“Hırsızın Hiç Mi Suçu Yok?”: Yolsuzlukta Tek Adres Var Gibi Gösterenlere Tepki!
GİRDAP HABER / ANALİZ
Ülkede neredeyse her gün bir yolsuzluk haberiyle uyanıyoruz. Ancak ilginçtir ki, tüm ilgi ve operasyonlar sistematik biçimde sadece CHP’li belediyelere yöneliyor.
Oysa bu ülkede yolsuzluğun kapısını çaldığınızda açılacak çok fazla yer var.
Ama ne hikmetse, devletin eli sadece belli adreslere dokunuyor; diğer kapılar ise ardına kadar açık tutuluyor.
Bir halk sözü vardır ya:
“Hırsızın hiç mi suçu yok?”
Bu ülkede suç herkesin içinde ama ceza sadece seçilmişlerin üstüne yağıyor.
Devletin Başı Her Şeyi Bilmiyor mu?
Bu ülkede hangi kapıda nelerin döndüğü aslında gizli değil.
Devletin zirvesindekiler her şeyi biliyor.
Kimin hangi usulsüzlüğü yaptığını, hangi servetlerin nasıl edinildiğini, hangi yapıların nereye çöktüğünü çok iyi biliyorlar.
Ama ilginçtir ki o “bilinen kapılar” hâlâ açık ve dokunulmaz.
Birileri için hukuk işliyor, birileri için ise işlemiyor.
Bu da çifte standardın en net fotoğrafıdır.
“Benim Memurum İşini Bilir” Zihniyeti Hâlâ Yaşıyor
Hatırlarsınız…
Bir zamanlar bu ülkenin yönetim anlayışı tek bir cümleyle özetlenmişti:
“Benim memurum işini bilir.”
Ve bu söz, yıllarca yolsuzluğun örtülü izni olarak kullanıldı.

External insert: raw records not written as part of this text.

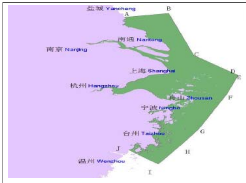
Hình 2: Khu vực kiểm soát phát thải Đồng bằng sông Dương Tử
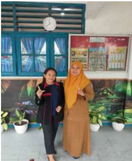
PHOTO BERSAMA WALI KELAS V-A
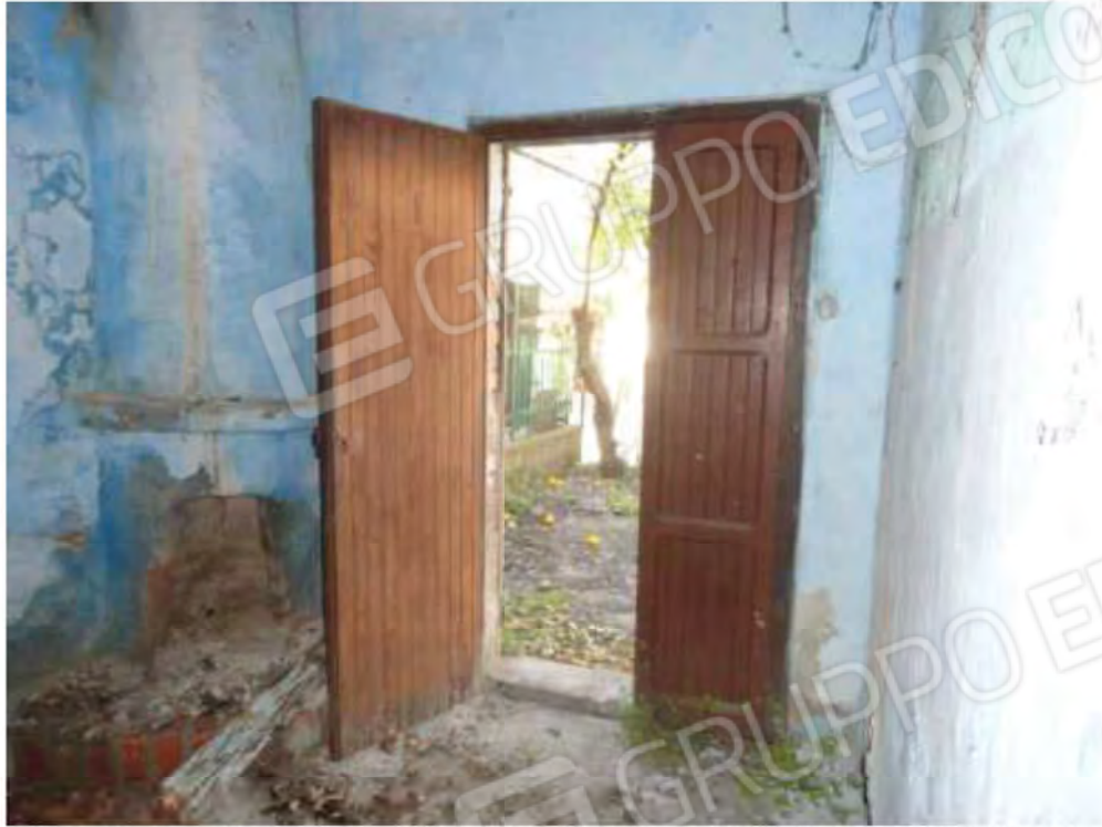
POSA N° 11 – FOTO CON PUNTO DI VISTA ALL'INTERNO DELL'IMMOBILE - ZONA - STANZA PROSPICIENTE IL GIARDINETTO - VISTA DEL GIARDINETTO DALL'INTERNO
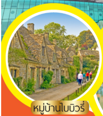
หมู่บ้านโบวรี่
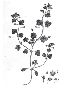
Verònica heurifòlia excés de matèria orgànica carbonada amb tendència a esdevenir fòssil
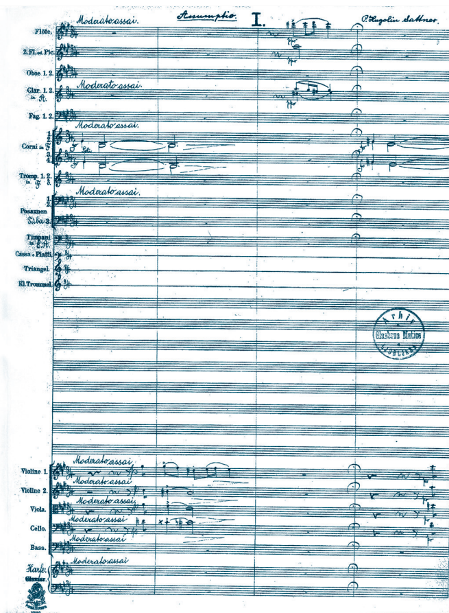
Sattnerjev rukopis, r. Assumptio (1. str. partiture), (2. verzija), Ljubljana 1921.

Sattner u opusu ima i svjetovne skladbe. Bio je stručnjak i na području orguljarstva i zvonarstva. Kao takav sudjelovao je kod različitih dispozicija i kolaudacija orgulja. Brojni i izborni Sattnerovi koncerti dodatno pokazuju da je bio i odličan dirigent. Mnogo je pisao za različite crkvene listove o crkvenoj glazbi, a ujedno je i predavao i učio.
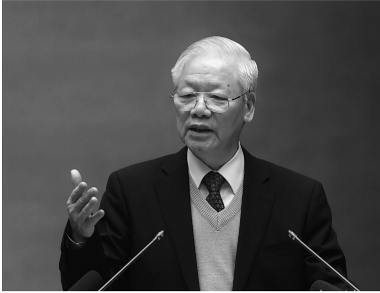
● Tổng Bí thư Nguyễn Phú Trọng phát biểu chỉ đạo Hội nghị Văn hóa toàn quốc, triển khai thực hiện nghị quyết Đại hội đại biểu toàn quốc lần thứ XIII của Đảng.

Các nhà nghiên cứu đúc rút rằng, lịch sử hàng ngàn năm dựng

Memur dendiğinde akla sadece masa başında çalışanlar değil, bürokrasiden siyasete, kolluk güçlerinden yöneticilere kadar her kesim gelir.
Onlar “işini bilir” de…
Peki ya emekli neyi bilsin de yolunu bulsun?
Onun kaderi neden sefalet?
Ya asgari ücretli?
O da mı “işini bilmediği” için aç?
Devletin tepesi kendine yakın olanı yaşatıyor, halkı ise sürümeye terk ediyor.
Köle Doğup Köle Ölenler Ülkesi Olmak
Bu ülkede bazıları için doğmak kazanmak demek…
Bazıları içinse doğmak “kaybetmeyi kabullenmek” demek.
İşçi sınıfı, emekli, köylü, genç…
Hepsi hayatına bir sıfır yenik başlıyor.
Devlet sadece belli bir zümreyi koruyor, besliyor, ihya ediyor.
Geri kalanlar ise kendi kaderine terk ediliyor.
Ve sonra utanmadan şu söyleniyor:
“Herkes kendi hayatını kurmakla yükümlüdür.”
Son Söz: Sahiplenmeyen, Yok Olur
Tarih göstermiştir:
Halkını dışlayan, emeklisini ezen, işçisini görmeyen iktidarlar uzun süre ayakta kalamaz.
Saltanatla yönetilen her rejim eninde sonunda duvara toslamıştır.
Bu halk bir gün gözünü açtığında, kimin neyi ne için yaptığını, kimin neyi ne için susturduğunu çok iyi anlayacak.
“O zaman ne çalacak kapı, ne açılacak yüz, ne de oturacak koltuk.”